The next big thing Danby is likely to introduce to the UK market is air conditioners, reflecting Mr Estill’s “very pessimistic view on climate change”.

“I believe it will be hot next year and the year after and the year after and you’ll need to be more air conditioned like we are in North America and the air conditioners we sell are portable and window air conditioners, which are perfect retrofits,” Mr Estill said.

“This is my dim view on what we are doing to the planet, but I think that the climate change and the heat will be high over the coming decades.”

Mr Welbourn, who started at Danby 12 months ago, said he was “excited” to introduce the 70-year-old brand with a “recognised heritage in design and engineering” to the UK.

He said that its scale – at least half of the 3,500 independent accounts Danby has in North America order regularly – reflected its ambition in the UK, Ireland and Europe.
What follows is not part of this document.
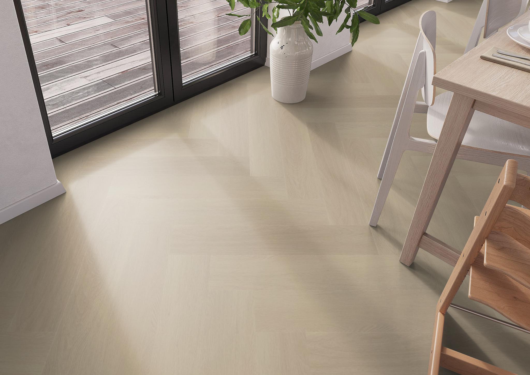 De moderne uitstraling van visgraat-pvc in karakteristieke uitvoering. Deze vloer is nauwelijks van echt hout te onderscheiden, door de kleine noesten. Deze vloer is 7 mm dik en heeft een toplaag van 0.55mm. deze vloer is ook geschikt voor appartementen vanwege 10dB deltaL in geluidsreductie.

Mr Welbourn said: “Danby is one of North America’s most compelling home-comfort and appliance brands, producing specialist products for over 70 years. Danby has a recognised heritage in design and engineering leading to numerous design firsts.

“In being a leading supplier of products to multiple market sectors like retail, education, healthcare and hospitality across Canada and the USA. Danby has the experience, scale and flexibility to achieve significant growth.

“In appointing Exertis, one of Europe’s largest and fastest-growing distribution houses, we have a partner who offers us a proven and dynamic route to many market sectors with the relationships, capacity and desire we require to achieve our brand plans.”

Mr Estill, who bought the Canadian firm about two-and-a-half years ago, said that the firm was “entrepreneurial” and growth-oriented and would be looking to achieve 50 per cent growth worldwide within three years.

Mr Estill is well-known in his home market as an entrepreneur and philanthropist. He was one of the founding directors of mobile phone maker Blackberry, taking the company from a turnover of $10 million to $15bn and launching it into the UK and Europe.

He was in the UK as a guest of honour of Citizens UK for his humanitarian efforts in Syria.